_Source information_
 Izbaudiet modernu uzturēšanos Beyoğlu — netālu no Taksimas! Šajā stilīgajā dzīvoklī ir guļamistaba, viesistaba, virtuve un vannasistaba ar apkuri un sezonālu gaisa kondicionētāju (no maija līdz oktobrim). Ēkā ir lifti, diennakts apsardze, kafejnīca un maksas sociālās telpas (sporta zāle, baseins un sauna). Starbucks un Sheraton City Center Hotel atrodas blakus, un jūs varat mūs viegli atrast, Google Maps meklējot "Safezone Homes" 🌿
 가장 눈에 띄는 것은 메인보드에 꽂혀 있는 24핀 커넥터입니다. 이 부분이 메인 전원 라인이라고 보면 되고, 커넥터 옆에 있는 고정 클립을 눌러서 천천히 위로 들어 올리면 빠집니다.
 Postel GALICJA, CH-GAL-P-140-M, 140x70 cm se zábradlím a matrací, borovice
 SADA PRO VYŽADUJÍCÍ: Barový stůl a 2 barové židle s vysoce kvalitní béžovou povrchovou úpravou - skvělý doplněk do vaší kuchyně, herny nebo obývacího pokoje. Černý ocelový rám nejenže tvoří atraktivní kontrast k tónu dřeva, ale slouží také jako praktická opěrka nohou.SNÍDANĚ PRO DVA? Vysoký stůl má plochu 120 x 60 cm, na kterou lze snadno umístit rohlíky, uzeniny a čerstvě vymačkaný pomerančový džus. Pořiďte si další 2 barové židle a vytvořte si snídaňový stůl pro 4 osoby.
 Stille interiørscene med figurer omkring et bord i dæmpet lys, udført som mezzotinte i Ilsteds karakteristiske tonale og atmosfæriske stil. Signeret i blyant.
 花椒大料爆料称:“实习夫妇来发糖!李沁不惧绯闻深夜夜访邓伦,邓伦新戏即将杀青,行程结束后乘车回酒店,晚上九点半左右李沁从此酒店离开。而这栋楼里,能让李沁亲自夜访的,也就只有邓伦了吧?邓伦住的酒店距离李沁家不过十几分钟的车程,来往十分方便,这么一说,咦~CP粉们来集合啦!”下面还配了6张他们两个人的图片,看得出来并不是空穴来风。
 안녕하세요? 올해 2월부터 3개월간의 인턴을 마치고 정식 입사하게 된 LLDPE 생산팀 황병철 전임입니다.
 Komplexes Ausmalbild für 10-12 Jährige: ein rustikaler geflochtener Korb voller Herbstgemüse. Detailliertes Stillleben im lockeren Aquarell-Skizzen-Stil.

--

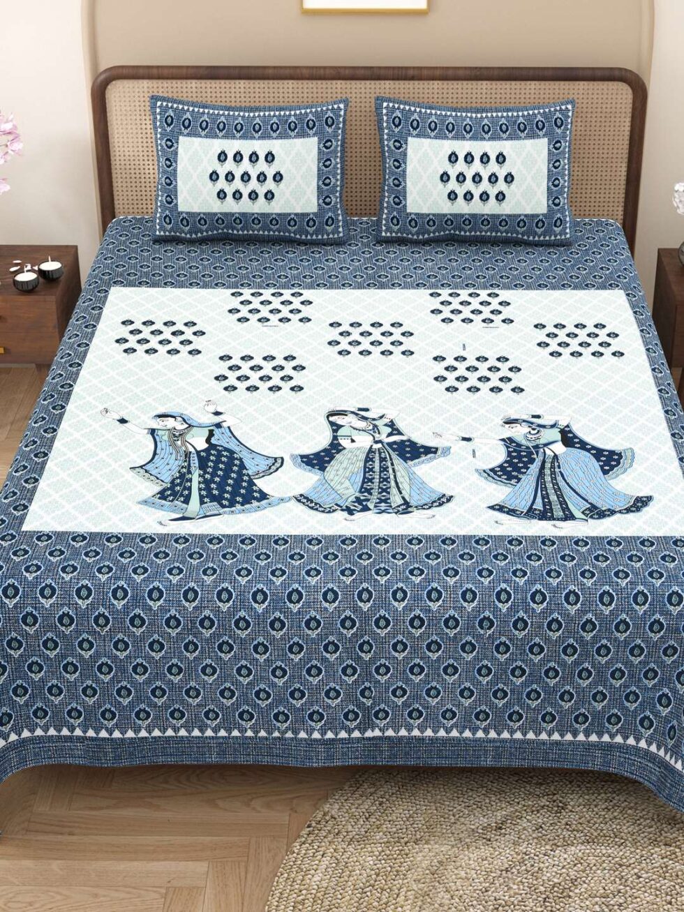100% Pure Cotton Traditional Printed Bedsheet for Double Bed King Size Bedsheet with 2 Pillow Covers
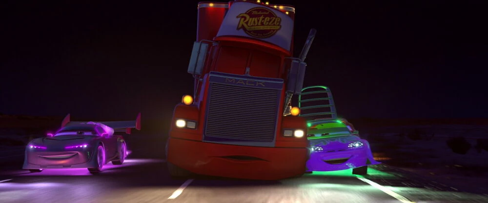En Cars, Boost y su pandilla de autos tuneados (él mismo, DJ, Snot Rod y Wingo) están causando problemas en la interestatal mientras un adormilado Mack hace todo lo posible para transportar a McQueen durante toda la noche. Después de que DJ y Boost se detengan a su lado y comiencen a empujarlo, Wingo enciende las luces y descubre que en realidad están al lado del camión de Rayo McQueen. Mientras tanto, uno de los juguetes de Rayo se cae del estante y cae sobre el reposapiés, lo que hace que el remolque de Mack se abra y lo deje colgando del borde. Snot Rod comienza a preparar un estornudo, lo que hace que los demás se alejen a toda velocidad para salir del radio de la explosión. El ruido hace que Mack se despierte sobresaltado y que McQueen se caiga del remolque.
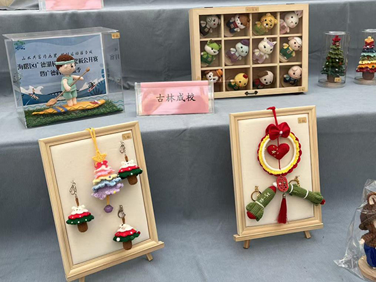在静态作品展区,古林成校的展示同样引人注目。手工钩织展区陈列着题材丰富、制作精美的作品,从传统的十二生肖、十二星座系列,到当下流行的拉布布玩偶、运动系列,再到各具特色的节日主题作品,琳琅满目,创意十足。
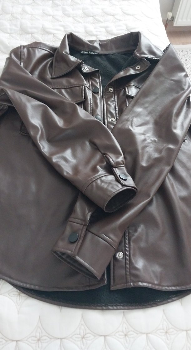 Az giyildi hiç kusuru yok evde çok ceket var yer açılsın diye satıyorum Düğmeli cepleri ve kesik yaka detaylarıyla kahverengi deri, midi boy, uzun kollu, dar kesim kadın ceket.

_Exercise_
In the listing above, find the line with "Izbaudiet modernu uzturēšanos" and the line with "Postel GALICJA, CH-GAL-P-140-M, 140x70", then print exactly those lines and every line between them.

_Exercise solution_
 Izbaudiet modernu uzturēšanos Beyoğlu — netālu no Taksimas! Šajā stilīgajā dzīvoklī ir guļamistaba, viesistaba, virtuve un vannasistaba ar apkuri un sezonālu gaisa kondicionētāju (no maija līdz oktobrim). Ēkā ir lifti, diennakts apsardze, kafejnīca un maksas sociālās telpas (sporta zāle, baseins un sauna). Starbucks un Sheraton City Center Hotel atrodas blakus, un jūs varat mūs viegli atrast, Google Maps meklējot "Safezone Homes" 🌿
 가장 눈에 띄는 것은 메인보드에 꽂혀 있는 24핀 커넥터입니다. 이 부분이 메인 전원 라인이라고 보면 되고, 커넥터 옆에 있는 고정 클립을 눌러서 천천히 위로 들어 올리면 빠집니다.
 Postel GALICJA, CH-GAL-P-140-M, 140x70 cm se zábradlím a matrací, borovice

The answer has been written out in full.